▶ **INSTRUCTIONS FOR THE TASK**:
Given the records below, would you repeat exactly the lines that begin at the one containing "1000 Pesetas. 31" and end at the one containing "Image may contain: text", inclusive?

(RECORDS PROVIDED)

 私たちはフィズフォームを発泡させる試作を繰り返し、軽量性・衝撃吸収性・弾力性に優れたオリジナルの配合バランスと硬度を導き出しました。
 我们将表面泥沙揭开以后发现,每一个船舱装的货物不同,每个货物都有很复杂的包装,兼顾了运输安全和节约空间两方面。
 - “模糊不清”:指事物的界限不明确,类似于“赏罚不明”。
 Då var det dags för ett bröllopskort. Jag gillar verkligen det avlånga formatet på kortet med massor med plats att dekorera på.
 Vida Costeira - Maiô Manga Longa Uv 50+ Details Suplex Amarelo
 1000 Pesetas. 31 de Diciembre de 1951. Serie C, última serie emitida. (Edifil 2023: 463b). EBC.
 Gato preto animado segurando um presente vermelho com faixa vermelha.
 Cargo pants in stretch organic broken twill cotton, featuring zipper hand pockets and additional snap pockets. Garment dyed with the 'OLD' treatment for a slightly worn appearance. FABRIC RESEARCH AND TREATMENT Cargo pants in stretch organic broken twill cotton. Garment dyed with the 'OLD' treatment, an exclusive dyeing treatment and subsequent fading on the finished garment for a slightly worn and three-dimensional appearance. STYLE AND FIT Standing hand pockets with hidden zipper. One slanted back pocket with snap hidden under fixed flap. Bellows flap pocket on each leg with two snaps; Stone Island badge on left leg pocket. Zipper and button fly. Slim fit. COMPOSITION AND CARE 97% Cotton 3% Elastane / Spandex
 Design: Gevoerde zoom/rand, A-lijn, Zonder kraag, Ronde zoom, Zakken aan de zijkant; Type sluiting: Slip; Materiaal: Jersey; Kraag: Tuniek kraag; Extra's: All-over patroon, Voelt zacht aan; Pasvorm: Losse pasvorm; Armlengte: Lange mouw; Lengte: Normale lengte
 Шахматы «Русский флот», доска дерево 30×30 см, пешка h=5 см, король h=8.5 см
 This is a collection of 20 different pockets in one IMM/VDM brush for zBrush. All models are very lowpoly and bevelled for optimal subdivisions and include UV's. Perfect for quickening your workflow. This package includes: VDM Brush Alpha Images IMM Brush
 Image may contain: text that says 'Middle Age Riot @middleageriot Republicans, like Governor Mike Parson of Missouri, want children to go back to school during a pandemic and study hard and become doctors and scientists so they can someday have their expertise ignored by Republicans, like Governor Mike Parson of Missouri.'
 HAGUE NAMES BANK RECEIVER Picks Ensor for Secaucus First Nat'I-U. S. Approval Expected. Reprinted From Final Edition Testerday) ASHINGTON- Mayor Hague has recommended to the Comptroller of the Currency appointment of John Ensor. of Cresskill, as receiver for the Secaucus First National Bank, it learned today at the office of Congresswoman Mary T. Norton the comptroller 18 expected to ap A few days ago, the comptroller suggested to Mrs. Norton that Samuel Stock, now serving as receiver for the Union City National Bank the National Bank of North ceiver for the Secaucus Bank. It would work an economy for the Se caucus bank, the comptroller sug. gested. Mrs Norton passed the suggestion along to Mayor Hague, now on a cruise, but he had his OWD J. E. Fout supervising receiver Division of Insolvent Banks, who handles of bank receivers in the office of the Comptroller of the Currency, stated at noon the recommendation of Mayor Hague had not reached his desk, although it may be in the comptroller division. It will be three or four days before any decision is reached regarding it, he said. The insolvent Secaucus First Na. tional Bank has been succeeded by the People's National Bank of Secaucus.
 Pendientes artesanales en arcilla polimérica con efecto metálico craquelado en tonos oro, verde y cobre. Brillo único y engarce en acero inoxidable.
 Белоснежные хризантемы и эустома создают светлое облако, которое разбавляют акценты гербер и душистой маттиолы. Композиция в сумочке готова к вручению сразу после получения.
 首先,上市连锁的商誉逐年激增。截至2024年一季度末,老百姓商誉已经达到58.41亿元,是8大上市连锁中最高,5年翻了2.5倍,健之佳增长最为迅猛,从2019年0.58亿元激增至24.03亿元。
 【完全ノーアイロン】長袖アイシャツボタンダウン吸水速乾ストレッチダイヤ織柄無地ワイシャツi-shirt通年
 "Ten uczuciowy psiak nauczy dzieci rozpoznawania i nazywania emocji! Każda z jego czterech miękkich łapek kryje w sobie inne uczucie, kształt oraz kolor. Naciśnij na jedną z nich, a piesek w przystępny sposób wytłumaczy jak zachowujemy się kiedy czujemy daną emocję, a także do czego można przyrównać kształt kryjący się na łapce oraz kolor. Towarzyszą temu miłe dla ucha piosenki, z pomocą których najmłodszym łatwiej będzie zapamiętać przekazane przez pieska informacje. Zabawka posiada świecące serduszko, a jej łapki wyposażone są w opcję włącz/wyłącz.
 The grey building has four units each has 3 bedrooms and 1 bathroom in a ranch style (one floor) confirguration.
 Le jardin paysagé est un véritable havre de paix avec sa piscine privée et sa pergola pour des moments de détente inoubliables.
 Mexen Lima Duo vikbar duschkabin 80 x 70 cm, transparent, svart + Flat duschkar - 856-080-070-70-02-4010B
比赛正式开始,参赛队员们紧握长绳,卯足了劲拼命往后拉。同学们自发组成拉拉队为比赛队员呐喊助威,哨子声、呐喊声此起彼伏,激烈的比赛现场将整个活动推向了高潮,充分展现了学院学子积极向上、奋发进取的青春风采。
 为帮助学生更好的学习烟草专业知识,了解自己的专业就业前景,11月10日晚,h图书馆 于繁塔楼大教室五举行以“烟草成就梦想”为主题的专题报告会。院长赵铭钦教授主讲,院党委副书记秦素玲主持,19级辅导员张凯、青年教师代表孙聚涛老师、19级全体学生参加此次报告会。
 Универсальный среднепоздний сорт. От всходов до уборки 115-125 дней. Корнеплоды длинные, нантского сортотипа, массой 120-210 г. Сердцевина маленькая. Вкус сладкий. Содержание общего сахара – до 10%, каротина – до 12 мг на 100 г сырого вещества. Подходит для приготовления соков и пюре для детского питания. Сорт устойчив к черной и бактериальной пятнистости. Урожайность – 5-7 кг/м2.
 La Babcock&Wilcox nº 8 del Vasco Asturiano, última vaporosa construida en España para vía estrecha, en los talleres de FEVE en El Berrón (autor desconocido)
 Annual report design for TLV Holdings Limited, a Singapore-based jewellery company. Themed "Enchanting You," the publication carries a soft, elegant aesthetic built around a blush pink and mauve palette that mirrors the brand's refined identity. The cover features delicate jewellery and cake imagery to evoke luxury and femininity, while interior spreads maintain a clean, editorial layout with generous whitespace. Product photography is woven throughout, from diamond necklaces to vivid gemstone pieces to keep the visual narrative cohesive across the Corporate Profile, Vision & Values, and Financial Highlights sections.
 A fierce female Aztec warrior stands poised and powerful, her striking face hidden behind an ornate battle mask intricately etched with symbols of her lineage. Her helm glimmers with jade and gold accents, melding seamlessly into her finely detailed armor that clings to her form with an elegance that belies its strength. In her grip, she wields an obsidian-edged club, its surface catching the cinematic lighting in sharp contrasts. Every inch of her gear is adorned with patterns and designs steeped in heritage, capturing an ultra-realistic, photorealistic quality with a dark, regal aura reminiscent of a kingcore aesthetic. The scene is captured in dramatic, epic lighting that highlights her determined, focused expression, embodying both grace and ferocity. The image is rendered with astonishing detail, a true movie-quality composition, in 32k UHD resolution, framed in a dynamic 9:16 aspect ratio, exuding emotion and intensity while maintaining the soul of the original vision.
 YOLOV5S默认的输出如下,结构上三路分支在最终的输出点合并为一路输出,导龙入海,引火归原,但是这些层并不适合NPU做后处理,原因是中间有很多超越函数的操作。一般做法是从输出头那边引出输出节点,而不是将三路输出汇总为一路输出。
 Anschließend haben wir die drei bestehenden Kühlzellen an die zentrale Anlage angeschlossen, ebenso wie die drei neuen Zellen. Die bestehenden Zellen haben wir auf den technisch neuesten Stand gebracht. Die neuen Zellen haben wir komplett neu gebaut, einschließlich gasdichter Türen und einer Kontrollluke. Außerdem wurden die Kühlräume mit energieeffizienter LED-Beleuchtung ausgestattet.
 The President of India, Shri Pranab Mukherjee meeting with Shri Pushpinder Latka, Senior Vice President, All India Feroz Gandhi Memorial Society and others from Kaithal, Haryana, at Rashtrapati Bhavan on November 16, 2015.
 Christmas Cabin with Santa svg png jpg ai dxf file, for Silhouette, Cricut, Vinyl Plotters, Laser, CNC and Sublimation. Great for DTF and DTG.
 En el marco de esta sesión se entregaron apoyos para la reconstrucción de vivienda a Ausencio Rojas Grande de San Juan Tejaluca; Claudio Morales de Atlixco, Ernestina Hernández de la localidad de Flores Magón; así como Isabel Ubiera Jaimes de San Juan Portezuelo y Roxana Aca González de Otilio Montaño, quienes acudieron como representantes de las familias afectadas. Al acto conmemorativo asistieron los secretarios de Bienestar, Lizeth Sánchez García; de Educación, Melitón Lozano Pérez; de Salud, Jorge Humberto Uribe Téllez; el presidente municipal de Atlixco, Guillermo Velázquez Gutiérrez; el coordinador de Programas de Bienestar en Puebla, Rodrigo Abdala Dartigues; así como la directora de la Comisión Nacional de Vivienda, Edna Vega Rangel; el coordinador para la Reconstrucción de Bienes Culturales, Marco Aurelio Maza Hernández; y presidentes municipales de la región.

(End RECORDS PROVIDED)

▶ **REPLY**:
 1000 Pesetas. 31 de Diciembre de 1951. Serie C, última serie emitida. (Edifil 2023: 463b). EBC.
 Gato preto animado segurando um presente vermelho com faixa vermelha.
 Cargo pants in stretch organic broken twill cotton, featuring zipper hand pockets and additional snap pockets. Garment dyed with the 'OLD' treatment for a slightly worn appearance. FABRIC RESEARCH AND TREATMENT Cargo pants in stretch organic broken twill cotton. Garment dyed with the 'OLD' treatment, an exclusive dyeing treatment and subsequent fading on the finished garment for a slightly worn and three-dimensional appearance. STYLE AND FIT Standing hand pockets with hidden zipper. One slanted back pocket with snap hidden under fixed flap. Bellows flap pocket on each leg with two snaps; Stone Island badge on left leg pocket. Zipper and button fly. Slim fit. COMPOSITION AND CARE 97% Cotton 3% Elastane / Spandex
 Design: Gevoerde zoom/rand, A-lijn, Zonder kraag, Ronde zoom, Zakken aan de zijkant; Type sluiting: Slip; Materiaal: Jersey; Kraag: Tuniek kraag; Extra's: All-over patroon, Voelt zacht aan; Pasvorm: Losse pasvorm; Armlengte: Lange mouw; Lengte: Normale lengte
 Шахматы «Русский флот», доска дерево 30×30 см, пешка h=5 см, король h=8.5 см
 This is a collection of 20 different pockets in one IMM/VDM brush for zBrush. All models are very lowpoly and bevelled for optimal subdivisions and include UV's. Perfect for quickening your workflow. This package includes: VDM Brush Alpha Images IMM Brush
 Image may contain: text that says 'Middle Age Riot @middleageriot Republicans, like Governor Mike Parson of Missouri, want children to go back to school during a pandemic and study hard and become doctors and scientists so they can someday have their expertise ignored by Republicans, like Governor Mike Parson of Missouri.'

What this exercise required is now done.